3 minute read

What a waste

Single-use plastics dominate the present. An ASU expert says it will take significant change to create a more sustainable future.

From our homes to our bodies, plastic is everywhere and it’s here to stay — depending on environmental factors, plastic can take anywhere from 20 to 500 years to decompose. Tyler Eglen, creator and manager of ASU’s Circular Living Lab, is driving plastic solutions today in hopes of a cleaner tomorrow.

The Circular Living Lab researches and applies solutions that address challenges related to sustainability, economic growth and community development. One project from the lab is the Plastics Microfactory, which repurposes used plastic into functional items.

“Some local businesses and community groups have a large supply of plastic but don’t know what to do with it,” Eglen said. “What a lot of people don’t know is that there is real entrepreneurial potential in giving that plastic a second life.”

Eglen believes an answer to eliminating plastic waste in communities lies in repurposing the material into locally produced household goods. With horizontal expansion of plastic microfactories throughout communities, local plastic could be shredded, melted and reshaped into something new with a significantly longer lifespan. The plastics microfactory machines and workers have created tabletops, stools, skateboards and more out of single-use plastic materials.

“In a perfect world, we could partner with communities and businesses that are producing clean streams of plastic and turn them right back into a new product quickly and locally,” he said.

Eglen knows that in our imperfect world, more work must be done to actualize a wastefree future. One of the main barriers to achieving this goal is the growth of the plastic industry, which shows no signs of slowing.

“There are resources and associations that try and guide brands to design their products more sustainably,” Eglen said. “The brands just aren’t interested, and they aren’t interested because they don’t need to be.”

These brands have good reason not to be: the responsibility to manage plastic waste does not fall on the brands who produce them. Consumers currently bear the weight of properly recycling and disposing of their plastic goods.

“A lot of the time, the consumer is often misinformed about what can be recycled and what can’t,” Eglen said. “I see a big opportunity as we go forward to increase consumer education, but the most efficient driver of change has to come from policy.”

Examples of implementing policy to reduce plastic waste can be seen in states like California, but policy is driven by those in power in 2015 Gov. Doug Ducey signed Senate Bill 1241, which declared that regulation of single-use plastic bags cannot be regulated by local authorities and must be left to state officials.

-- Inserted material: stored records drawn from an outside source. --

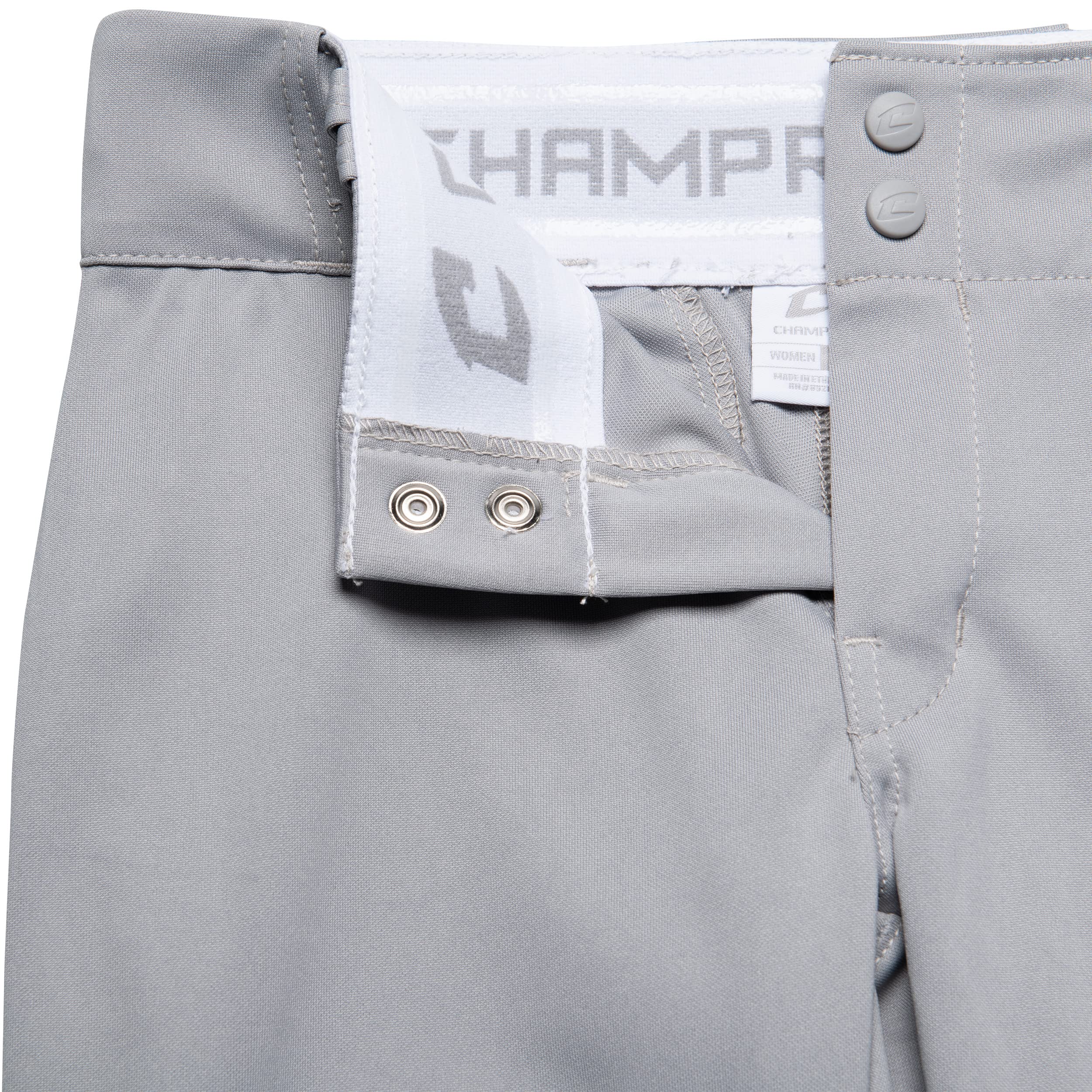 Description The CHAMPRO Tournament is a modern softball pant with legs slightly longer than traditional knickers. With elastic leg openings, these pants have a gentle but secure fit for a comfortable feel and easy movement throughout the game. Made of 100% highly abrasion-resistant TEK-KNIT polyester, the 14 oz. pro-weight fabric allows four-way stretch and adapts to the wearer’s movements. Knees reinforced with double-ply fabric create a more durable pant that withstands sliding action and lasts longer through the season. The 2.5” knit waistband includes Super-Grip Gel strips that keep jerseys tucked in. Slide a belt through the 7 pro-style tunnel belt loops to secure the uniform in place. Available in Women’s sizes S-2XL in 6 solid colors with 2 inset back pockets. Pair with CHAMPRO Stirrup Socks (available in 9 colors) for a traditional look.
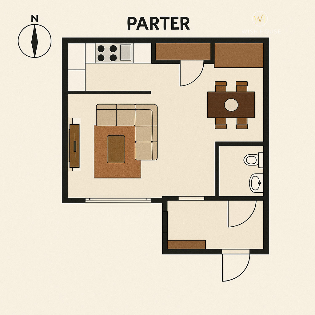 - przestronny salon, jadalnia, aneks kuchenny otwarty( w pełni wyposażony), toaleta, wiatrołap, pomieszczenie gospodarcze, taras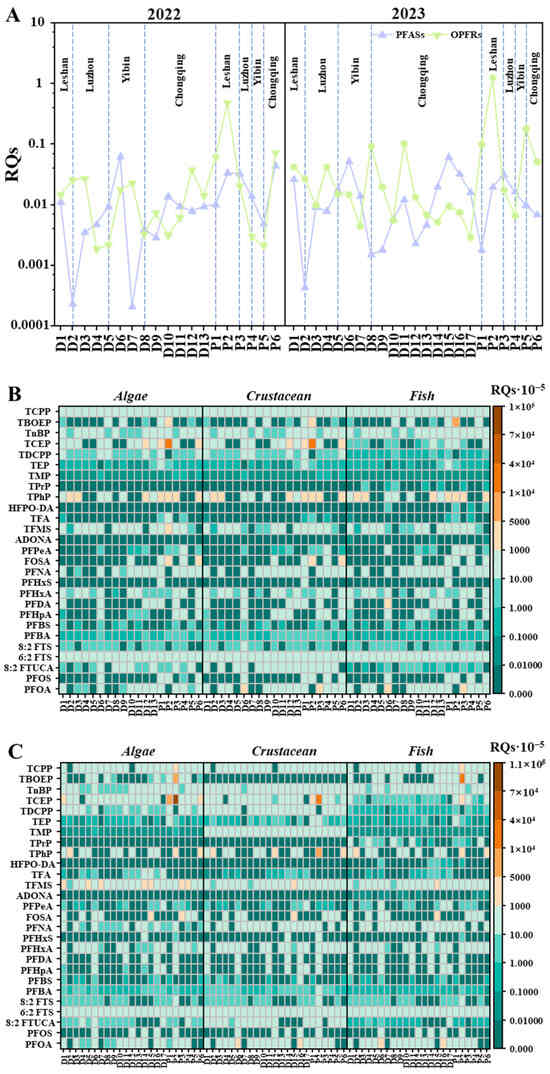 Risk quotients of PFASs and OPFRs. (A) The total risk quotients (RQSTU). Ecological risks related to individual compounds in 2022 (B) and 2023 (C) for algae, crustaceans, and fish in each water sample.

It seems fitting that plastic waste, a humanitycaused problem, can only be solved through human solutions. Eglen said policy adjustments, if combined with consumer changes and human innovations, could be groundbreaking for a more sustainable future.

“Science and technology are advancing everyday and we just need a plastic alternative to gain enough momentum to really gain popularity and stick,” he said. “There is a new hope in the younger generations to use social media and the internet to change minds and show us new options: we saw that happen with electric vehicles and I think we could see that happen with plastic.”